Ils ont beau lancer un pamphlet sur les ravages des mines dans l'histoire de leur coin de pays, Richard Desjardins et Robert Monderie sont loin de tenir un discours anti-mines.

Au contraire, ils demandent que l'État s'implique comme partenaire dans les projets de «trous».

«On veut que le gouvernement se ressaisisse, dit Richard Desjardins en entrevue à La Presse. La gestion même des ressources naturelles doit changer.» Il juge «faméliques» les redevances minières, même après leur récent ajustement à la hausse.

«Ce sont des participations qu'il faut prendre dans ces ressources, qui sont non renouvelables», ajoute Robert Monderie.

Leur film L'erreur boréale a lancé le débat sur les forêts. Trou Story arrive sur les écrans alors que le débat sur les mines est bien engagé. Une réforme de la Loi sur les mines est en cours depuis presque deux ans.

Desjardins reproche au gouvernement actuel d'investir dans l'amiante, que «toute la planète refuse», mais de ne pas s'impliquer dans des projets de mines d'or.Dans le film, il dit au passage que l'or est un métal «qui fascine» mais qui est inutile, finissant transformé en «lingots comateux».

Mais ce n'est pas une raison de rester spectateur dans la nouvelle ruée vers le métal précieux.

«Il y a des sociétés dans l'or qui font 400% de profit», dit-il. Il faut «prendre notre cut», insistent les cinéastes.

Notons que l'État est partenaire de certains nouveaux projets miniers, comme celui de Stornoway Diamond (Investissement Québec détient 37% des actions de la société). Le Plan Nord prévoit une enveloppe de 500 millions pour des prises de participation dans divers projets, miniers ou autres.

Une histoire de «démesure»

À son «âge vénérable», Richard Desjardins ne s'en cache pas, il veut donner son opinion. «On n'est pas trop forts sur les deux côtés de la médaille, dit-il. Il y a 100 lobbyistes pour les mines à Québec. Leur point de vue, ils sont bien capables de le faire valoir.»

Trou Story raconte l'histoire minière du nord de l'Ontario et de l'Abitibi-Témiscamingue, une histoire de «démesure» basée sur le free mining, qui donne préséance au droit minier.

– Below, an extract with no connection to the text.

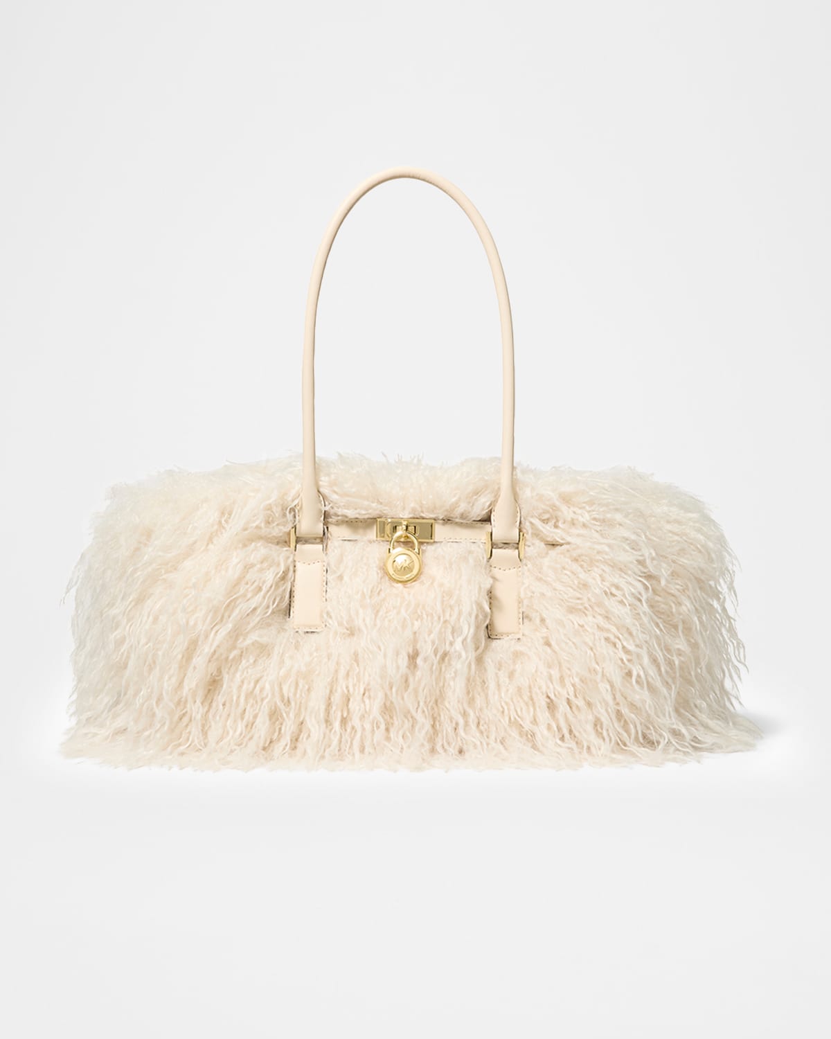 MICHAEL Michael Kors "Hamilton" eastwest tote bag in leather and faux fur (polyester) Rolled shoulder straps Zip top closure Belt strap with padlock and turnlock closure Interior, two slip pockets Lining: Rayon Approx. 11.5"H x 15.8"W x 3.3"D Polyester/cotton Imported
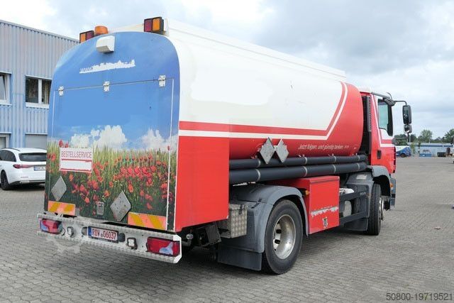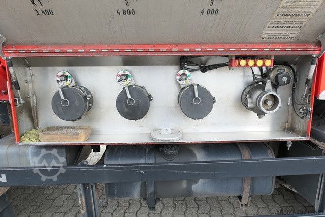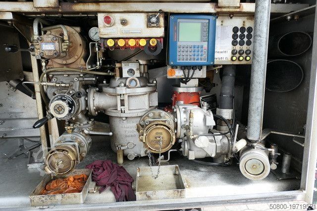SCHWARZMÜLLER топливная цистерна, предназначенная для перевозки горюче-смазочных материалов, общий объем 13 800 литров, 3 секции: 1-я секция — 3 850 л, 2-я секция — 5 410 л, 3-я секция — 4 540 л; 3 люка, насосная установка SENING для умеренного опорожнения, модель GMV-FpH, максимальная производительность 1 000 л/мин, температурная компенсация PETRODAT, ADR категория FL, AT; проход по верху цистерны, задний штуцер для заполнения прицепа; шланговая катушка с ок. 40 м / 38 мм цельным шлангом с топливным пистолетом спереди справа, шланговая катушка с ок. 60 м / 32 мм цельным шлангом с топливным пистолетом сзади справа; бак для дизельной присадки 40 л, бак для присадки к мазуту 40 л; чековый принтер, дистанционное управление, ABS, ASR, круиз-контроль, моторный тормоз с постоянным дросселем, отбор мощности, блокировка дифференциала задней оси, кондиционер, наружные зеркала с обогревом и электроприводом, электростеклоподъемники на двери водителя и пассажира, люк, комфортное пневматическое сиденье водителя, противотуманные фары, сигнальная проблесковая маячковая лампа, аккумуляторный выключатель, цепи противоскольжения, пневмоподвеска с механизмом подъема/опускания задней оси, алюминиевые диски. Возможна оклейка машины рекламой и/или фирменными надписями.

Le film donne la parole à plusieurs maires et ex-maires des deux côtés de la frontière qui soulignent le manque de retombées locales de l'industrie minière, maintenant que le nombre de salariés nécessaires est beaucoup plus faible qu'auparavant. «Malartic va recevoir 150 000$ par année en indemnisation pour la mine Osisko alors que les Inuits reçoivent 80 millions pour une seule mine, la Raglan», affirme Desjardins en entrevue. Vérification faite, c'est plus de 100 millions que se sont partagés, depuis la fin des années 90, deux communautés inuites et la société Makivik.

La nouvelle oeuvre de Desjardins et Monderie rappelle l'existence des nombreux terrains miniers orphelins du Québec, laissés en piteux état environnemental par des sociétés en faillite. La réforme de la Loi sur les mines, qui ne convainc pas vraiment le duo, prévoit que les minières devront verser une garantie financière couvrant la totalité des coûts de restauration des terrains miniers, et non plus 70%.

C'est une avancée, concède Desjardins, mais c'est pour lui la moindre des choses. «Quand on va chier quelque part, on ramasse notre tas!», lance-t-il.

Même avec une garantie de 100%, Desjardins et Monderie expriment des doutes. Rien ne garantit que l'État ne soit pas aux prises avec des problèmes 15, 20 ou 100 ans après la fermeture d'une mine, soutiennent-ils.